TO DO:
Starting at the first line of the listing below, repeat each line exactly until the line containing "7.2.10 Erin Buttoned", which you include. Leave out pictures.

** Opening SUPPLIED RECORDS block **

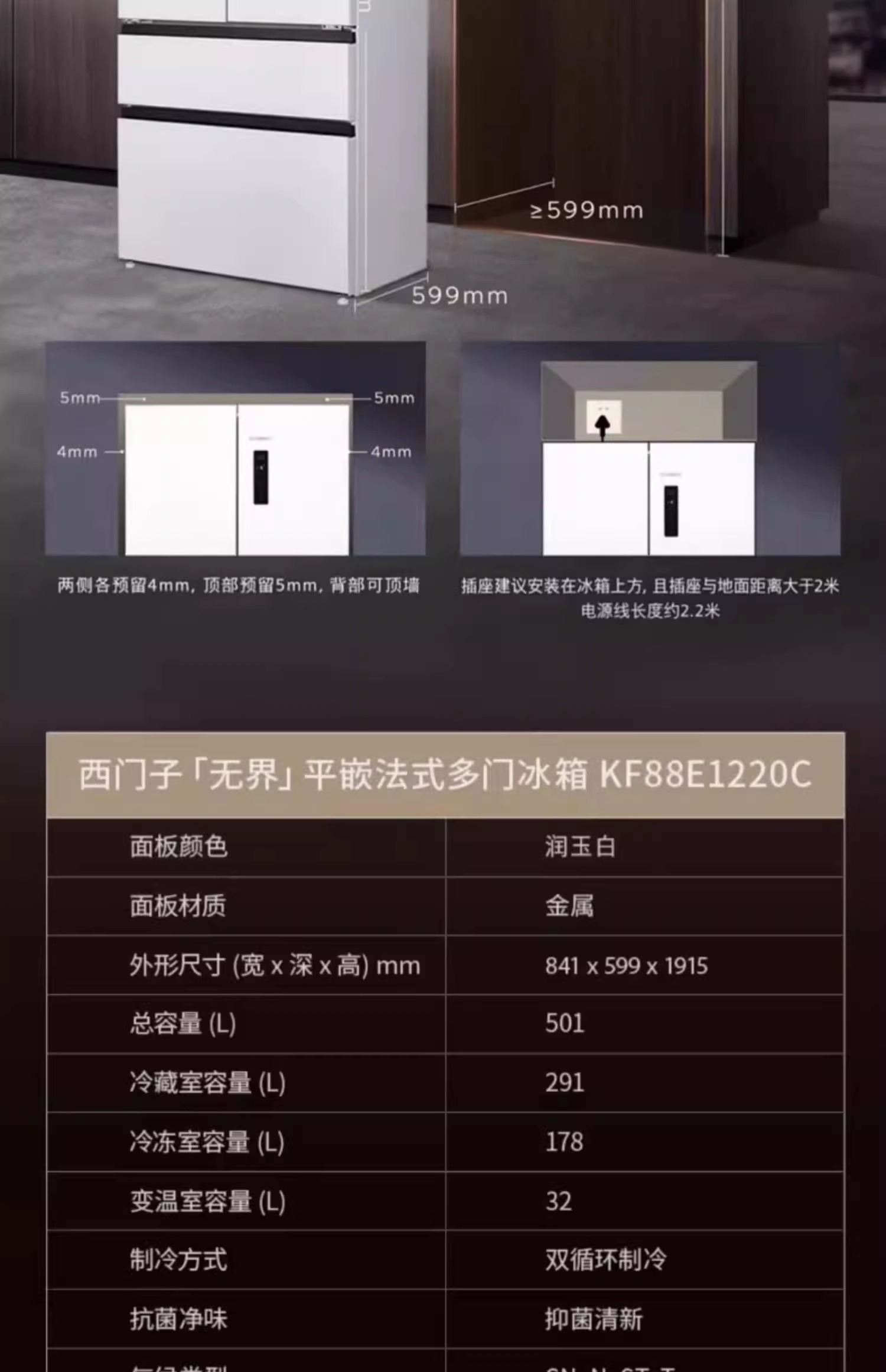 【国补15%】西门子平嵌 501L大容量法式多门 家用变频电冰箱 超薄平嵌 双系统双循环 抑菌清新 变温储鲜 KF88E1220C
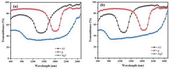 The content of the chiral compound R5011 was set to be 1.00 wt%, 1.05 wt%, 1.10 wt%, 1.15 wt%, and 1.20 wt% for the samples of the Ag group, and the UV intensity was 1.0 mW/cm2. Polymerization was carried out for 25 min, and the samples were named as Ag1, Ag2, Ag3, Ag4, and Ag5, respectively. The transmission spectra of the Ag group samples are shown in Figure 3, in which A and g denote the UV transmission spectra of the upper and lower samples after the polymerization of the upper and lower layers, respectively.
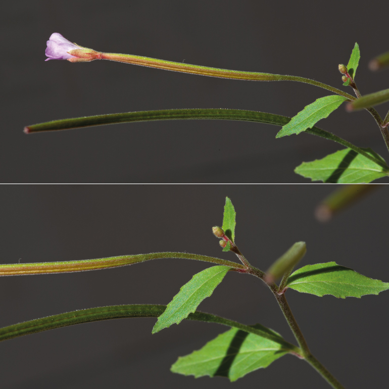 Berg-Weidenröschen (Epilobium montanum):Blüte mit langem, unterständigem, gelblich grünem Fruchtknoten
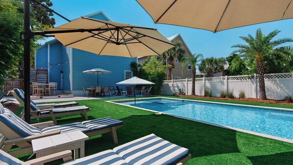 Blue Pineapple is a stunning 4-bedroom beach retreat nestled in the serene Seagrove community, Village of Sugar Sands. Step into a backyard oasis featuring a brand-new heated saltwater pool, lush tropical landscaping, and soft turf, perfect for relaxing or entertaining. As you arrive, simply turn left at the front steps and follow the charming porch, where six beach chairs await, ready for your beach adventures. With just a two-minute walk to the shoreline and space to comfortably sleep 11 guests, this home promises the perfect getaway for families and friends.
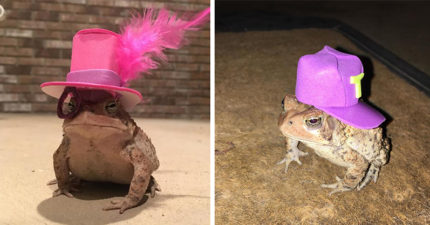 賴蛤蟆經常出現在他的陽台上,他就開始把他打造成青蛙界最時尚「帽子模特兒」! (7張)
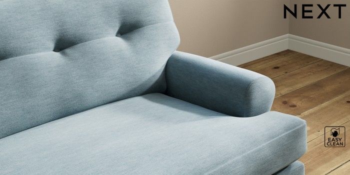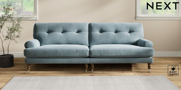 7.2.10 Erin Buttoned Back Deep Relaxed Sit 4 Seater Large Sofa Fine Chenille Easy Clean Mid Blue High Classic Turned Chrome Castor - Mid | Made Click here to use our website with more accessibility support, for example screen readers
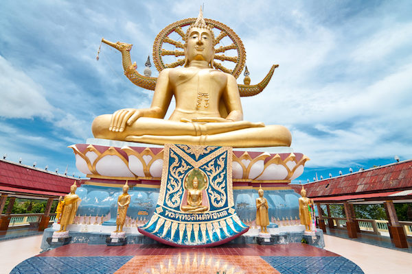 Wat Phra Yai is a more than 12-meter tall Buddha statue, first built in 1972. It is located on a small island but today connected with main land with a bridge.
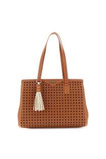 einkaufstasche aus lederimitat mit elegantem geometrischem perforationsmuster auf der vorderseite tan

** Closing SUPPLIED RECORDS block **

RESPONSE BELOW:
 【国补15%】西门子平嵌 501L大容量法式多门 家用变频电冰箱 超薄平嵌 双系统双循环 抑菌清新 变温储鲜 KF88E1220C
 The content of the chiral compound R5011 was set to be 1.00 wt%, 1.05 wt%, 1.10 wt%, 1.15 wt%, and 1.20 wt% for the samples of the Ag group, and the UV intensity was 1.0 mW/cm2. Polymerization was carried out for 25 min, and the samples were named as Ag1, Ag2, Ag3, Ag4, and Ag5, respectively. The transmission spectra of the Ag group samples are shown in Figure 3, in which A and g denote the UV transmission spectra of the upper and lower samples after the polymerization of the upper and lower layers, respectively.
 Berg-Weidenröschen (Epilobium montanum):Blüte mit langem, unterständigem, gelblich grünem Fruchtknoten
 Blue Pineapple is a stunning 4-bedroom beach retreat nestled in the serene Seagrove community, Village of Sugar Sands. Step into a backyard oasis featuring a brand-new heated saltwater pool, lush tropical landscaping, and soft turf, perfect for relaxing or entertaining. As you arrive, simply turn left at the front steps and follow the charming porch, where six beach chairs await, ready for your beach adventures. With just a two-minute walk to the shoreline and space to comfortably sleep 11 guests, this home promises the perfect getaway for families and friends.
 賴蛤蟆經常出現在他的陽台上,他就開始把他打造成青蛙界最時尚「帽子模特兒」! (7張)
 7.2.10 Erin Buttoned Back Deep Relaxed Sit 4 Seater Large Sofa Fine Chenille Easy Clean Mid Blue High Classic Turned Chrome Castor - Mid | Made Click here to use our website with more accessibility support, for example screen readers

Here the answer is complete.